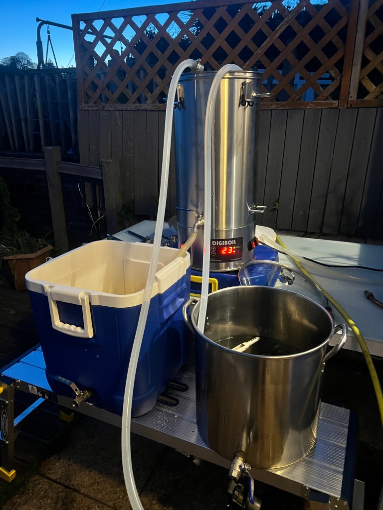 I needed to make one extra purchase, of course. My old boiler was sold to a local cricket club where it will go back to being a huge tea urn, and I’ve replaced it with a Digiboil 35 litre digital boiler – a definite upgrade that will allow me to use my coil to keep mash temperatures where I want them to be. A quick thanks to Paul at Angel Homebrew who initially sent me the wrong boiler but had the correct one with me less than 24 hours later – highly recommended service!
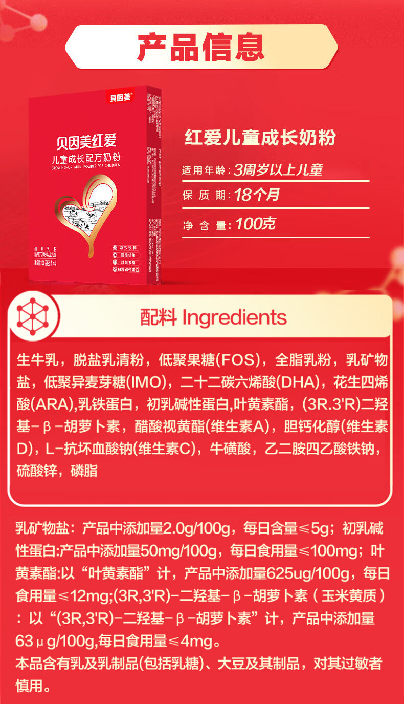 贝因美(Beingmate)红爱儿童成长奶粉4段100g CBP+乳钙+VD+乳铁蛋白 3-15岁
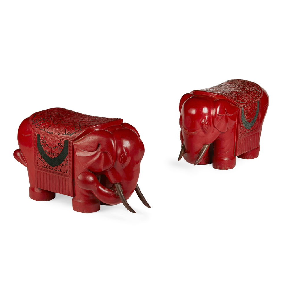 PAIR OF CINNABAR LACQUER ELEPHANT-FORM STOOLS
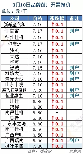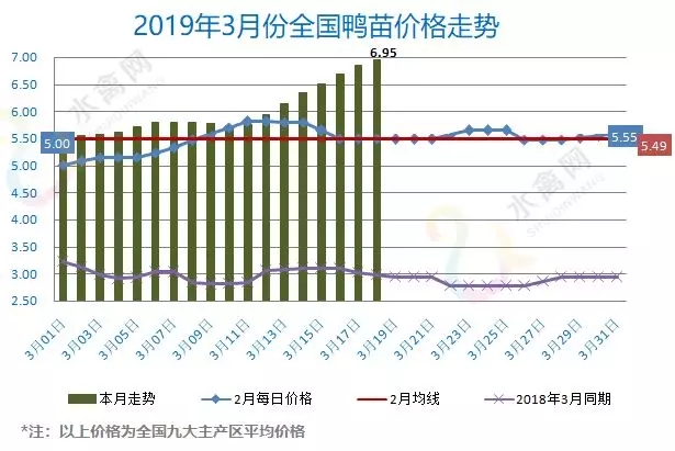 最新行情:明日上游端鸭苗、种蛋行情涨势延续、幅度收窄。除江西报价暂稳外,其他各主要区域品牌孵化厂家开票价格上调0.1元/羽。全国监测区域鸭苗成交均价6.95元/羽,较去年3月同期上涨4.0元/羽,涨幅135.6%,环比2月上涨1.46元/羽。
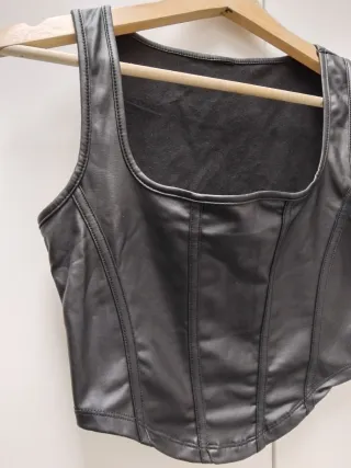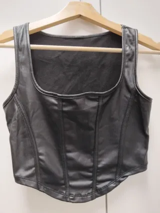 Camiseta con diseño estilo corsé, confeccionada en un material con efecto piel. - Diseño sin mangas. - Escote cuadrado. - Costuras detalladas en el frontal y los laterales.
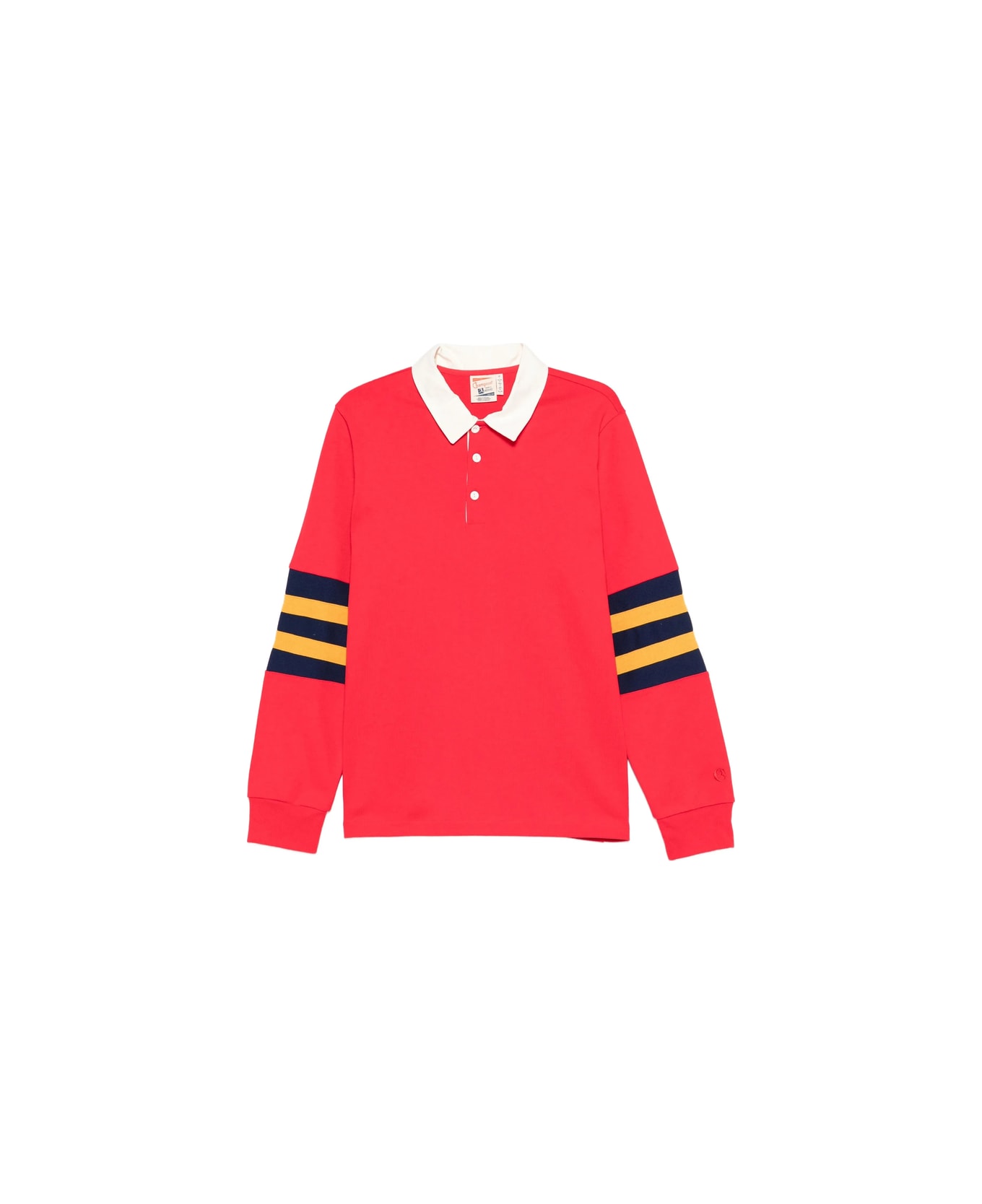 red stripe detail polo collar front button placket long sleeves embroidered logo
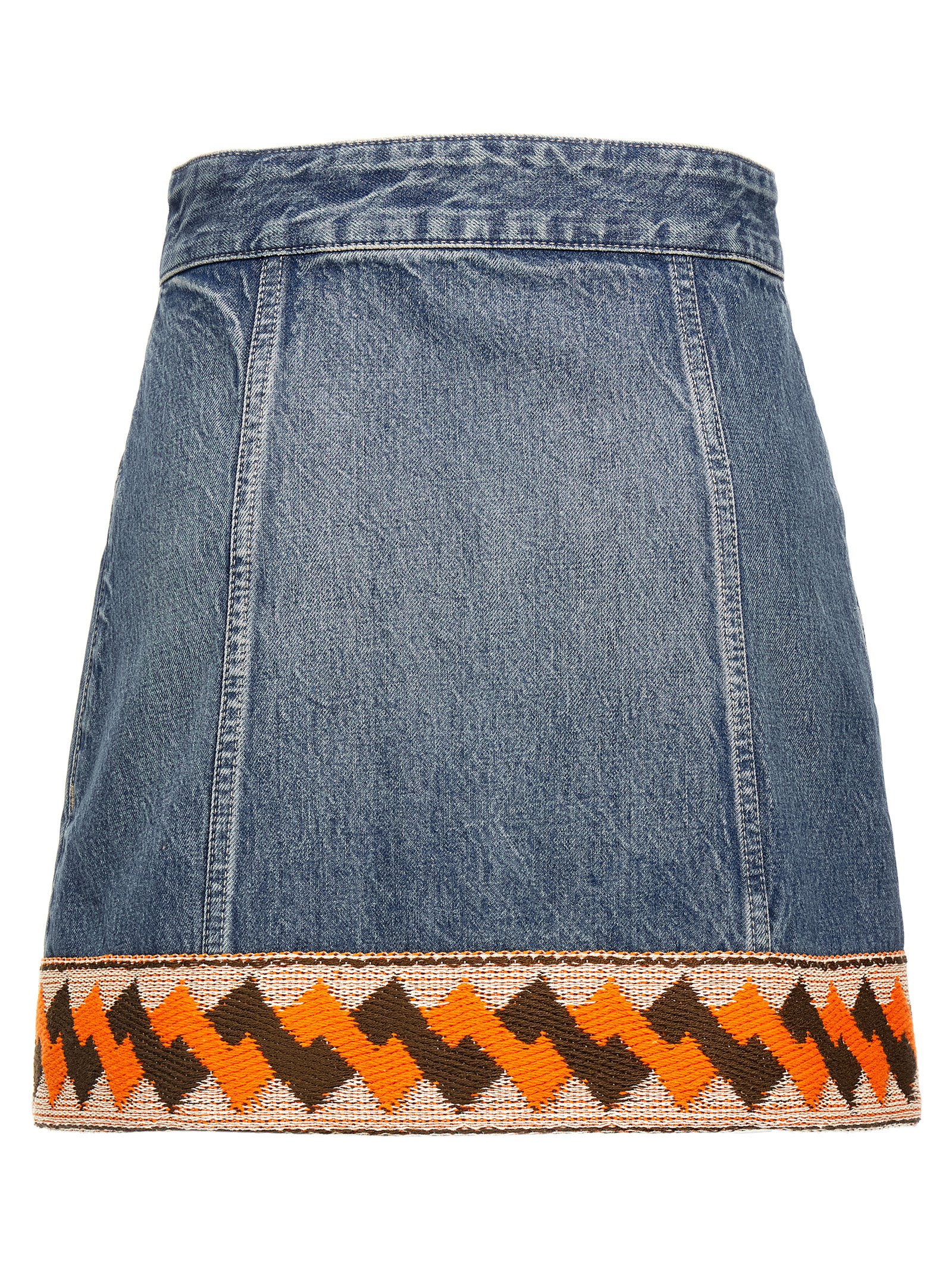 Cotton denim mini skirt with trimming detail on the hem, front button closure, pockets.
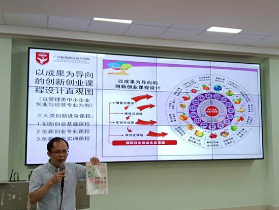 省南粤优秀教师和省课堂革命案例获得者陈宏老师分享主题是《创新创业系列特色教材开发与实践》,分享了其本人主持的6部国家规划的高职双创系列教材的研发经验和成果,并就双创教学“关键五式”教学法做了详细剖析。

◆ WORK TO COMPLETE ◆
Pictures are to be omitted; otherwise, write out the data exactly as it appears.

◆ PROBLEM SOLUTION ◆
 I needed to make one extra purchase, of course. My old boiler was sold to a local cricket club where it will go back to being a huge tea urn, and I’ve replaced it with a Digiboil 35 litre digital boiler – a definite upgrade that will allow me to use my coil to keep mash temperatures where I want them to be. A quick thanks to Paul at Angel Homebrew who initially sent me the wrong boiler but had the correct one with me less than 24 hours later – highly recommended service!
 贝因美(Beingmate)红爱儿童成长奶粉4段100g CBP+乳钙+VD+乳铁蛋白 3-15岁
 PAIR OF CINNABAR LACQUER ELEPHANT-FORM STOOLS
 最新行情:明日上游端鸭苗、种蛋行情涨势延续、幅度收窄。除江西报价暂稳外,其他各主要区域品牌孵化厂家开票价格上调0.1元/羽。全国监测区域鸭苗成交均价6.95元/羽,较去年3月同期上涨4.0元/羽,涨幅135.6%,环比2月上涨1.46元/羽。
 Camiseta con diseño estilo corsé, confeccionada en un material con efecto piel. - Diseño sin mangas. - Escote cuadrado. - Costuras detalladas en el frontal y los laterales.
 red stripe detail polo collar front button placket long sleeves embroidered logo
 Cotton denim mini skirt with trimming detail on the hem, front button closure, pockets.
 省南粤优秀教师和省课堂革命案例获得者陈宏老师分享主题是《创新创业系列特色教材开发与实践》,分享了其本人主持的6部国家规划的高职双创系列教材的研发经验和成果,并就双创教学“关键五式”教学法做了详细剖析。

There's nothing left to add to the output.